You are designing the homepage store recommendation system for a food-delivery app similar to DoorDash. When a user opens the app, the online request contains very little context: primarily user_id and the user's current latitude/longitude.
The system must return a ranked list of stores for the homepage feed under the following hard constraints:
-
Every recommended store must be within the user's delivery range.
-
Every recommended store must be currently open.
-
The system serves high traffic, so online latency and reliability are critical.
-
Assume each retrieval source has an aggressive timeout budget of about 15 ms.
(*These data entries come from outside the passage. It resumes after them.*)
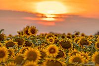 Zonsondergang boven een zonnebloemveld op de heuvels van Zuid-Limburg
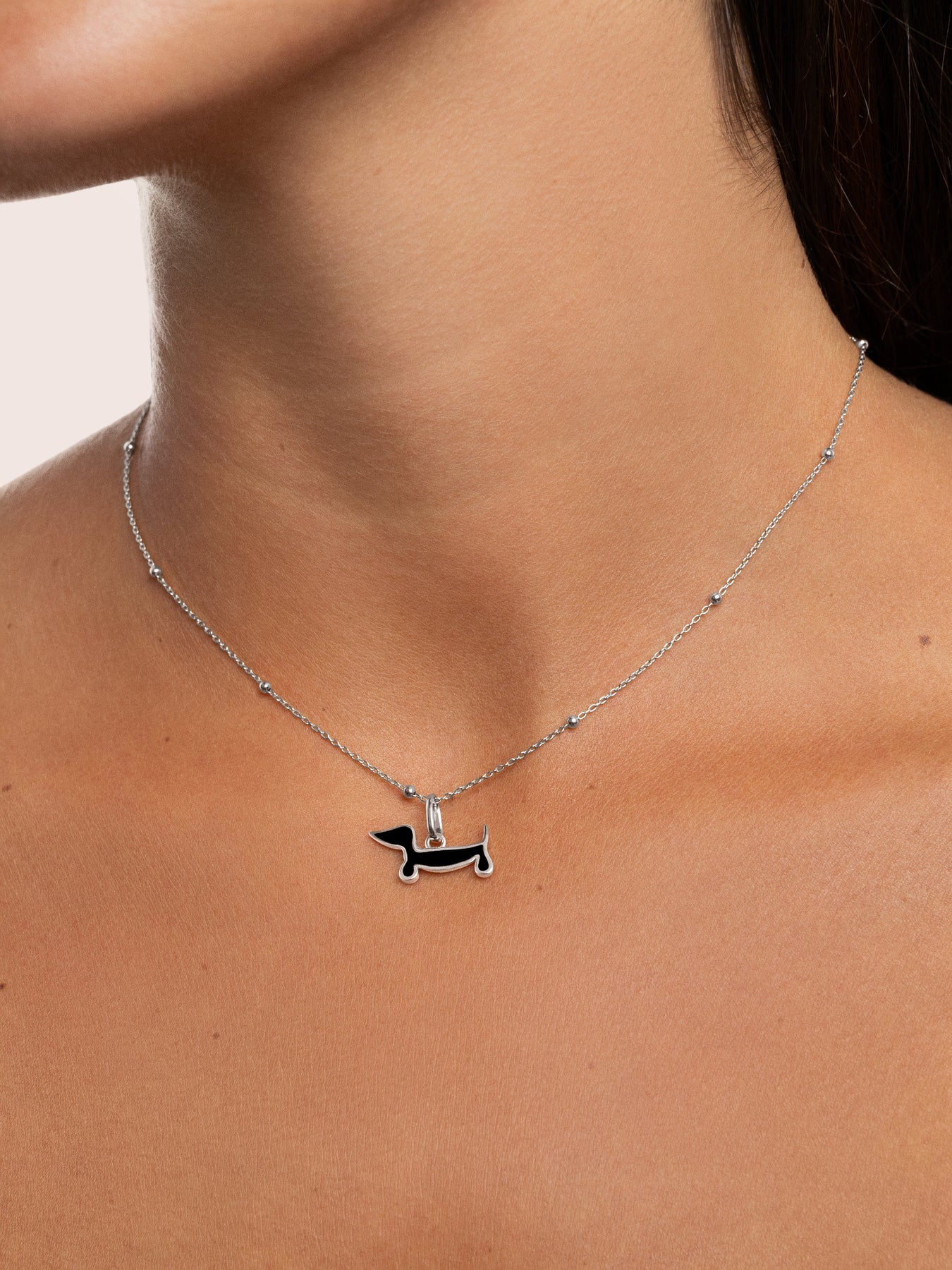 Il nostro Ciondolo Bassotto Placcato Argento con volto smaltato nero reversibile è l’accessorio perfetto da aggiungere alla tua catena d’argento preferita. ✨
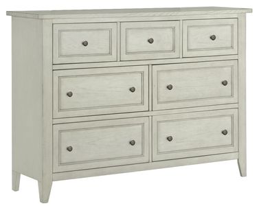 A fresh Weathered White finish on cathedral ash veneers and hardwoods contrasts simple Weathered Bronze pulls to create timeless comfort in Raelynn. Traditional and transitional at once, Raelynn is the ideal cottage collection that is equally as at home in the suburbs.

Design the end-to-end ML system, and address the following:
-
Overall architecture
-
How would you structure candidate retrieval, filtering, ranking, and serving?
-
What are the main online and offline components?
-
Candidate retrieval
-
How would you generate candidates given only
user_id
and location?
-
What retrieval channels would you include (for example: nearby popular stores, user affinity, cuisine/category similarity, embedding-based retrieval, cold-start fallbacks)?
-
How would you enforce the hard constraints on delivery eligibility and store open status?
-
Geospatial caching
-
How would you use a geospatial index such as Geohash, H3, or a grid system for caching or precomputing location-based candidate sets?
-
What would the cache key look like?
-
How would you handle cache invalidation when stores open/close or delivery eligibility changes?
-
Extreme latency constraints
-
If each retrieval path must finish within about 15 ms, how would you optimize fan-out and parallel fetching?
-
How would you degrade gracefully when one or more retrieval sources time out?
-
Ranking and feature platform
-
How would you build the ranking layer?
-
What objective would you optimize: click-through rate, order conversion, GMV, long-term retention, delivery quality, or some weighted combination?
-
How would you avoid feedback loops, popularity bias, and over-optimization for short-term clicks?
-
Feature store design
-
Different feature types exist: dense embeddings, numeric features, and categorical features. How would you store them differently at the database layer?
-
How would you key features using
user_id
,
store_id
, and possibly
user_id + store_id
?
-
How would you support hourly offline refreshes while preserving high-concurrency, low-latency online reads?
-
Model iteration and experimentation
-
Suppose model version V2.0 adds several new features relative to V1.1. How should the infrastructure support multiple model versions at once?
-
How would different A/B test treatments fetch different feature sets or feature configurations safely?
-
What offline and online metrics would you use to evaluate the change?
-
Real-time versus batch features
-
What are the tradeoffs between real-time features and offline batch-computed features in this system?
-
What failure modes appear when you add real-time features under strict latency requirements, such as timeouts, missing values, training-serving skew, and stability issues?
-
How would you decide which features must be real-time versus batch?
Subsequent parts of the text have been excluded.